:: TASK INSTRUCTIONS ::
Output exactly, in the material below, the lines from the one with "De badkamer is" through the one with "Tommy Hilfiger Women's". Omit all pictures.

:: EXERCISE DATA ::
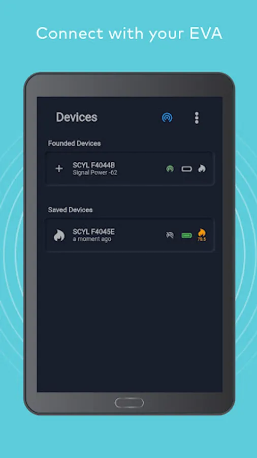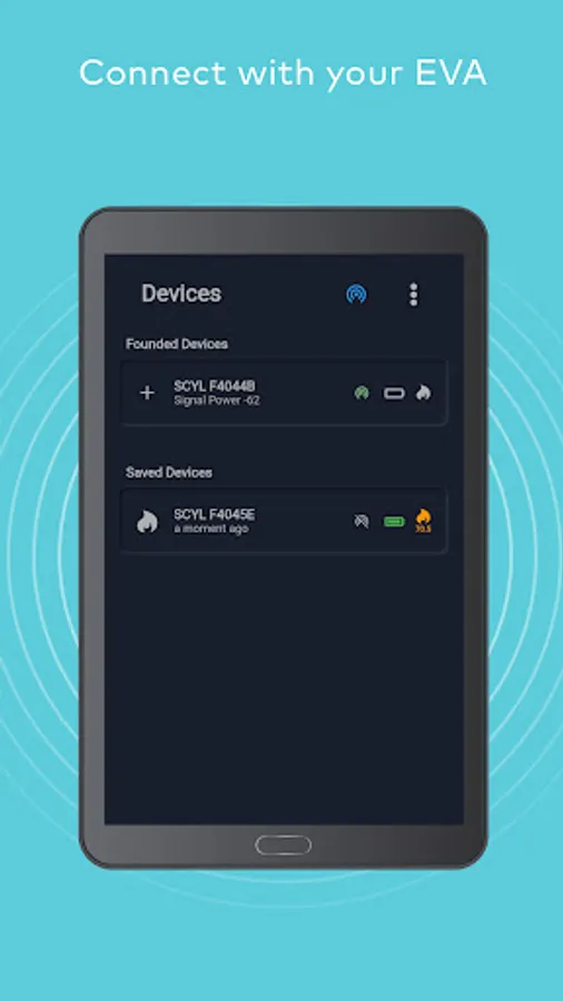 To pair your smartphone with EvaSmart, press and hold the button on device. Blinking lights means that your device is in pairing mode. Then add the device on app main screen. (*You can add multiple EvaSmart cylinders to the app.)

---

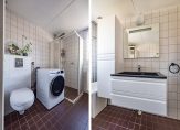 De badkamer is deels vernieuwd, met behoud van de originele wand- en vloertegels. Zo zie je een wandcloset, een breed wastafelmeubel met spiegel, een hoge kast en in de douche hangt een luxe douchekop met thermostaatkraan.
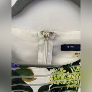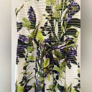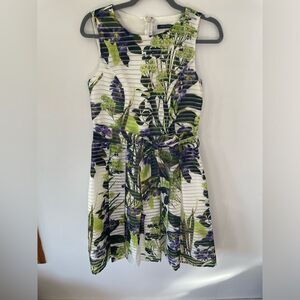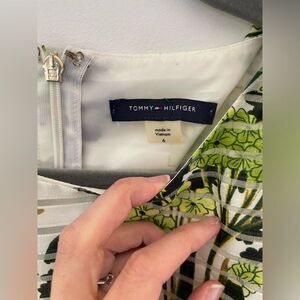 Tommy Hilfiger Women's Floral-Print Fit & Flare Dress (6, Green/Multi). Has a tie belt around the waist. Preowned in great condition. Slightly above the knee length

--

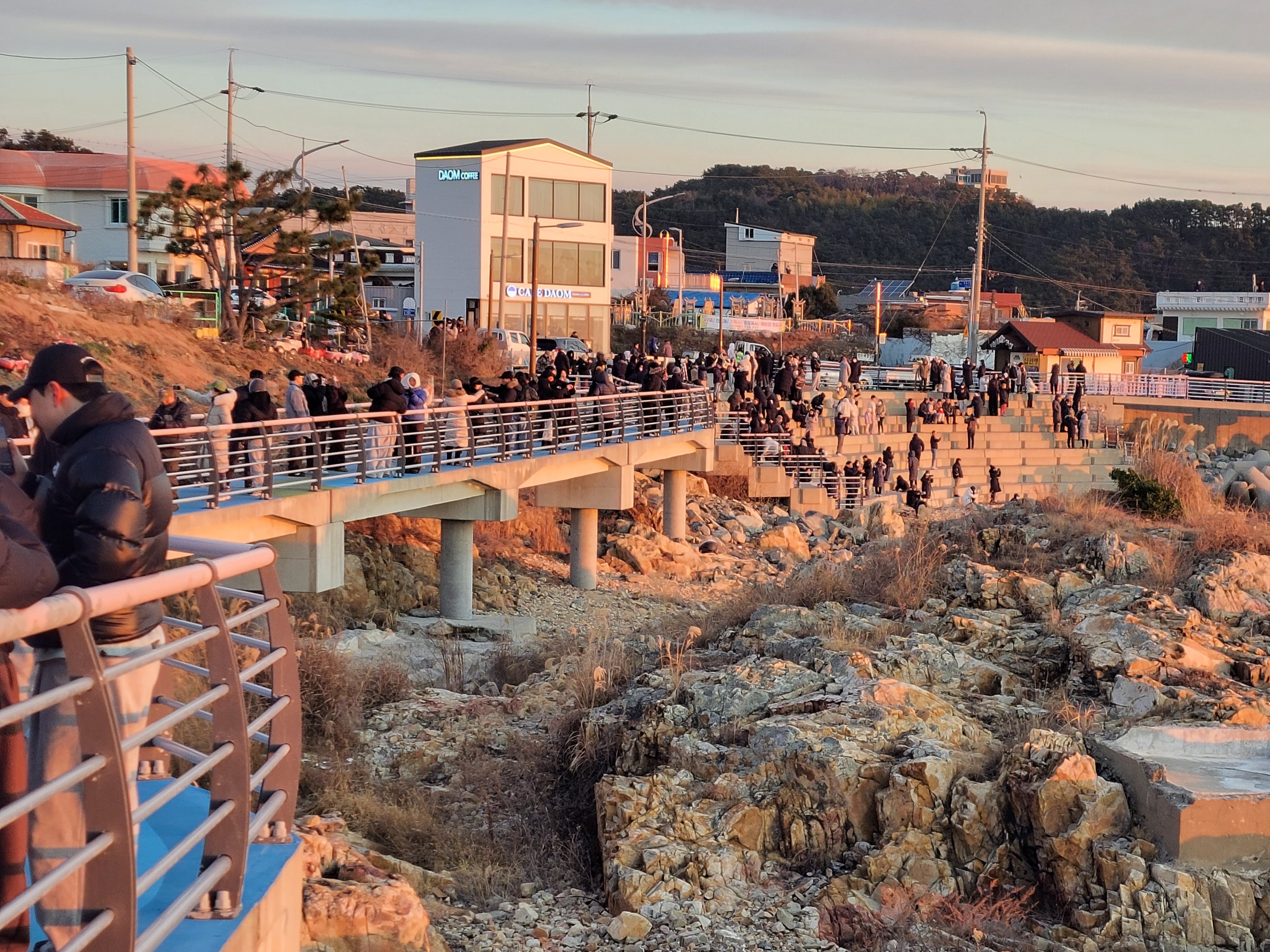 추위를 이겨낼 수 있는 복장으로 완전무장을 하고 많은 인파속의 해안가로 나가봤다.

:: YOUR SOLUTION ::
 De badkamer is deels vernieuwd, met behoud van de originele wand- en vloertegels. Zo zie je een wandcloset, een breed wastafelmeubel met spiegel, een hoge kast en in de douche hangt een luxe douchekop met thermostaatkraan.
 Tommy Hilfiger Women's Floral-Print Fit & Flare Dress (6, Green/Multi). Has a tie belt around the waist. Preowned in great condition. Slightly above the knee length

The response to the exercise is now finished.